何の罪もない山賊さんや奴隷商人さんたちを金銭目的で襲ったりとかね」
「どいて」
私の冗談が利かないほど怒っている。
「嫌だ」
「どうしても通りたいというならば、私を倒してから行くがいい。ふぁっふぁっふぁっ」
一回言ってみたかったんだよね。
教会全体にリストが用意してくれていた結界を展開する。私が倒れない限りは破れないだろう。

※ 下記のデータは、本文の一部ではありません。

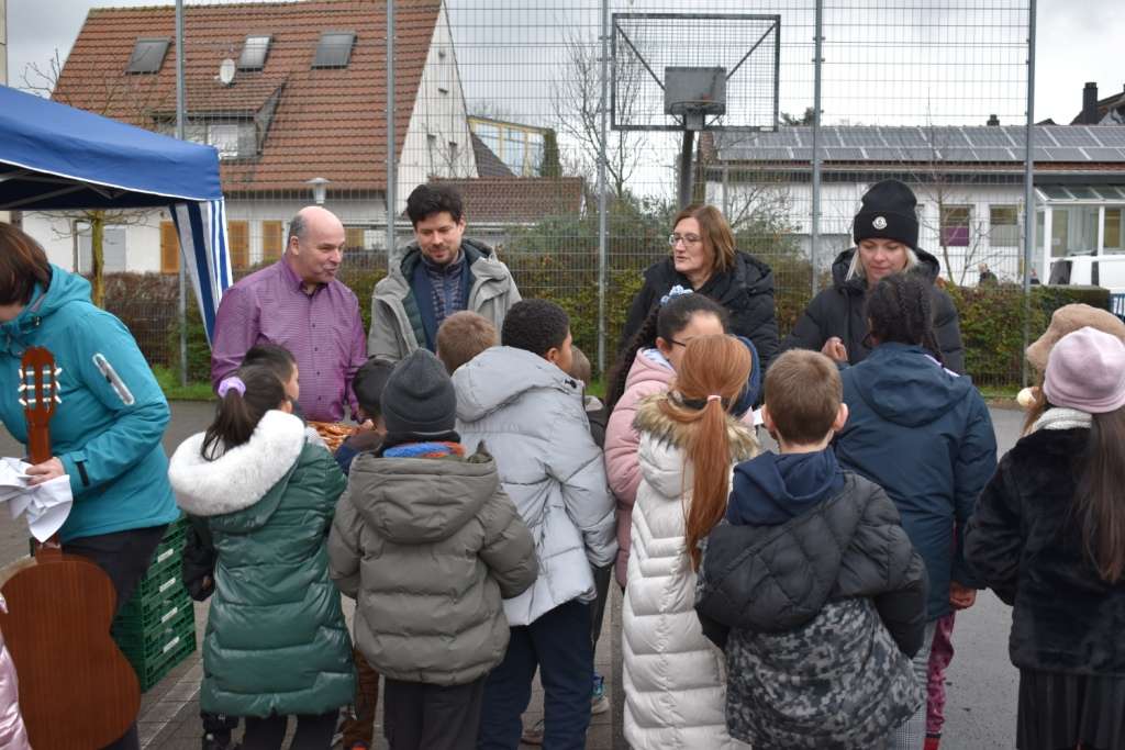 Das zweite Foto zeigt Manuel Steinbrenner und Daniela Günther beim Verteilen von Brezeln an die Kinder der Schillerschule, die zu Beginn des Richtfestes die Gäste mit einem Lied begrüßten.

招待客も事態が飲み込めてきたようだ。こちらに視線が集まっている。何人かこちらに向かってくるものもいる。普通の人間相手ならば物の数にもならないがな。
「ほう…それならば手を貸すぞ花婿殿」
え? こいつもしかしてドラゴン?
「全く、結婚式に水を差すなんて無粋な奴もいたものね」
え? なんでヴァンパイアもここにいるの?
「オリア君とアーチ君の門出を邪魔するとは… 覚悟はいいな?」
デュラハンまで…
よく見ると他にも魔物娘が混じっている。まさかのモンスターハウスだ!!
「ありがとう皆…」
「お礼は後だ。さっさとこの賊を倒して、花嫁を助けに行くぞ!」
「…うん! ……例えレイバだとしても本気で行くからね?」
簡易の術式で小さくしていた弓矢と短剣を元に戻し、こちらに向けて構える。
どうやらハッタリでもなく本気のようだ。というか結婚式の時まで持ってきてるのか。
魔物娘たちも一斉に飛び掛ってくる。
「ゆ…勇者舐めるなぁぁぁぁぁぁぁぁ!!!」
想像以上に絶望的な状況である。
ヘルムで顔を隠していて本当によかったと思った。
涙でぐしゃぐしゃですから。
「あ、いっけない。あいつにここが親魔物領だってこと教えてなかったわ」
「うがーー!!は〜な〜せ〜!!」
暴れるオリアを小脇に抱えながら一人呟く。あいつならあの数の魔物くらい大丈夫でしょ。
「放していいのかしら?」
オリアの体を空中に投げ出す。これくらいの意地悪なら許してくれるわよね。
「うわぁぁぁぁ!!!や、やっぱりはなすな!!」
「まったく、ワガママねぇ…」
落下中のオリアを掴まえ元の位置に抱えなおす。
「ワガママじゃないと思うんだけど…」
「それよりもリスト!何のマネだ!いくらお前だからってこれ以上すると怒るぞ!」
「もう怒られようが、恨まれようが自分の欲望に忠実に生きることにしたわ」
「むかしから、欲望に忠実じゃなかったか?」
きょとんとした顔で聞き返された。こいつに悪意が全くないから質が悪い。
「…さらに忠実に生きることにしたのよ」
「それはいいことだ、我慢はよくないからな!」
そうやってにっこりと笑われると罪悪感が半端無いわ…
あんたは嫌いじゃないけど苦手なのよ…
「でも、それとこれって何の関係があるんだ?」
無事家に着くことができた。追っ手が来てないことをみるとうまくやっているみたいだ。